** SOURCE DATA follows **

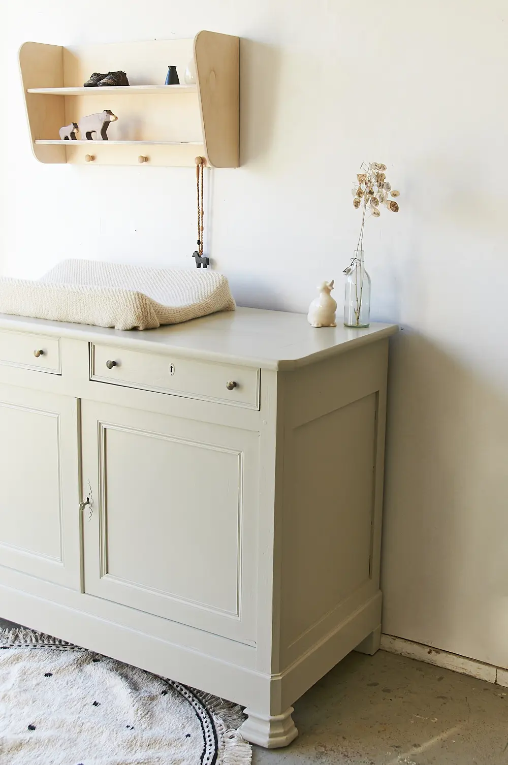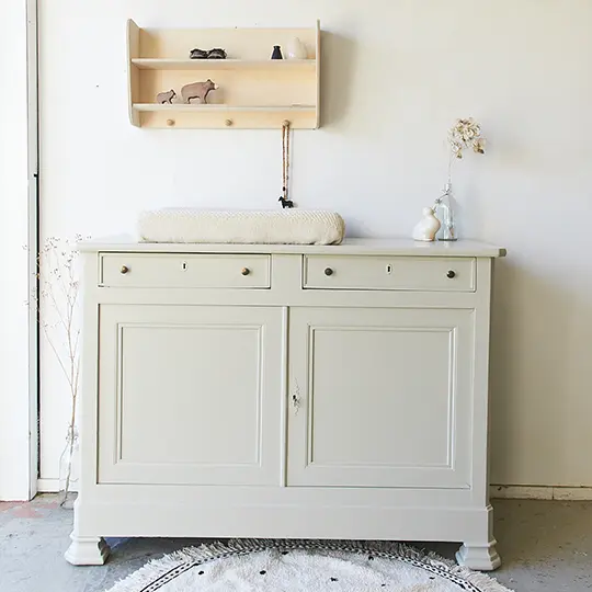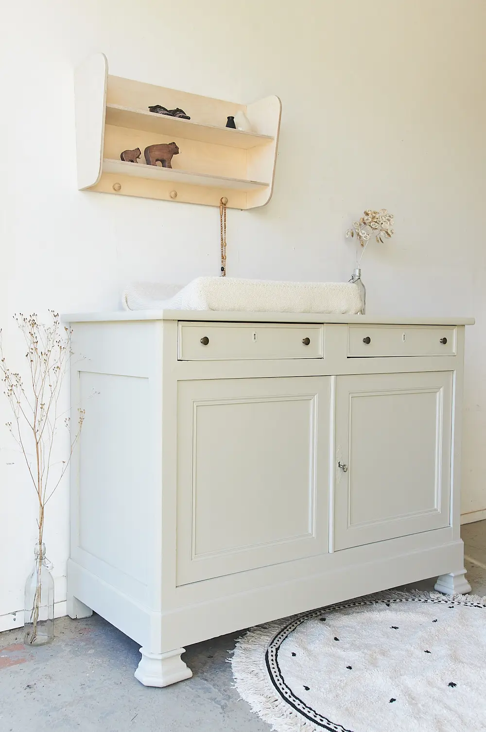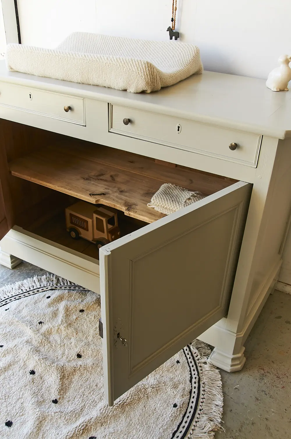 Wat een mooie, robuuste commode is dit. Zo fijn, er kan heel veel in! Deze commode komt uit midden Frankrijk. Het meubel is van prachtig, massief hout gemaakt. Van binnen heeft hij een brede plank, waar je heel veel bakken met kleertjes, luiers en andere spulletjes in kwijt kan. Dit meubel zou ook fantastisch staan in de woonkamer, ideaal om al het speelgoed in op te bergen! De commode is na het zandstralen grondig schoongemaakt en behandeld tegen houtworm. Vervolgens hebben we er voor gezorgd dat de lades niet meer klemmen en de deurtjes soepel open en dicht gaan. De plank die er in licht is licht opgeschuurd, zodat deze weer glad en splintervrij is. De commode hebben we in onze kleur linnen geschilderd en we hebben hem afgewerkt met bronzen knopjes. Een hele mooie combinatie vinden wij! De linker deur sluit door middel van een haakje en de rechterdeur sluit met de sleutel. Kortom, de commode is weer klaar voor een nieuwe plek! Het fijne wandplankje is ook bij ons te koop, klik HIER!
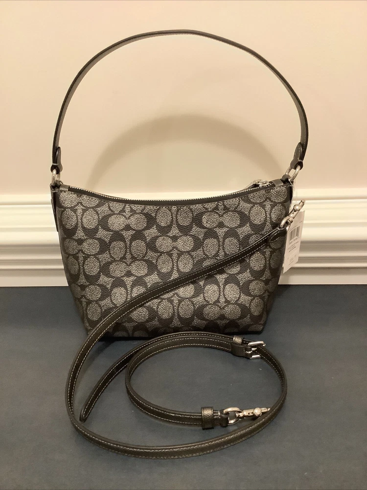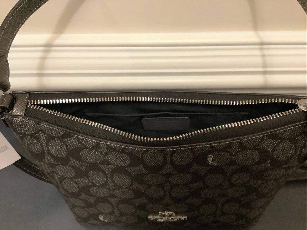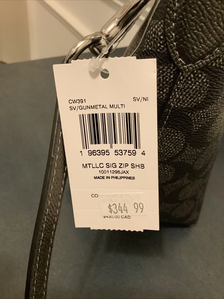 Coach Zip Top Shoulder Bag CW391 Signature Canvas/Gunmetal Metallic Leather NWT BRAND NEW
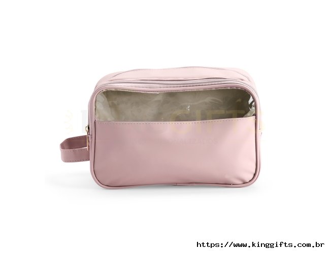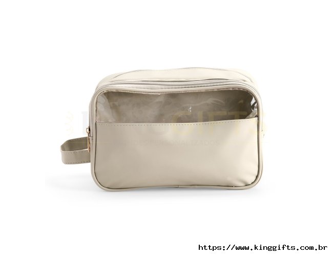 Nécessaire confeccionada em filme sintético de poliuretano impermeável. Possui dois bolsos no compartimento interno principal, sendo um com fechamento em zíper e outro em tela de nylon. Dispõe ainda de compartimento frontal com viseira e revestimento interno em PVC, ideal para guardar itens molhados.

** End of SOURCE DATA **

When you copy the lines above, drop the pictures and keep everything else exact.

> **TASK ANSWER**:
 Wat een mooie, robuuste commode is dit. Zo fijn, er kan heel veel in! Deze commode komt uit midden Frankrijk. Het meubel is van prachtig, massief hout gemaakt. Van binnen heeft hij een brede plank, waar je heel veel bakken met kleertjes, luiers en andere spulletjes in kwijt kan. Dit meubel zou ook fantastisch staan in de woonkamer, ideaal om al het speelgoed in op te bergen! De commode is na het zandstralen grondig schoongemaakt en behandeld tegen houtworm. Vervolgens hebben we er voor gezorgd dat de lades niet meer klemmen en de deurtjes soepel open en dicht gaan. De plank die er in licht is licht opgeschuurd, zodat deze weer glad en splintervrij is. De commode hebben we in onze kleur linnen geschilderd en we hebben hem afgewerkt met bronzen knopjes. Een hele mooie combinatie vinden wij! De linker deur sluit door middel van een haakje en de rechterdeur sluit met de sleutel. Kortom, de commode is weer klaar voor een nieuwe plek! Het fijne wandplankje is ook bij ons te koop, klik HIER!
 Coach Zip Top Shoulder Bag CW391 Signature Canvas/Gunmetal Metallic Leather NWT BRAND NEW
 Nécessaire confeccionada em filme sintético de poliuretano impermeável. Possui dois bolsos no compartimento interno principal, sendo um com fechamento em zíper e outro em tela de nylon. Dispõe ainda de compartimento frontal com viseira e revestimento interno em PVC, ideal para guardar itens molhados.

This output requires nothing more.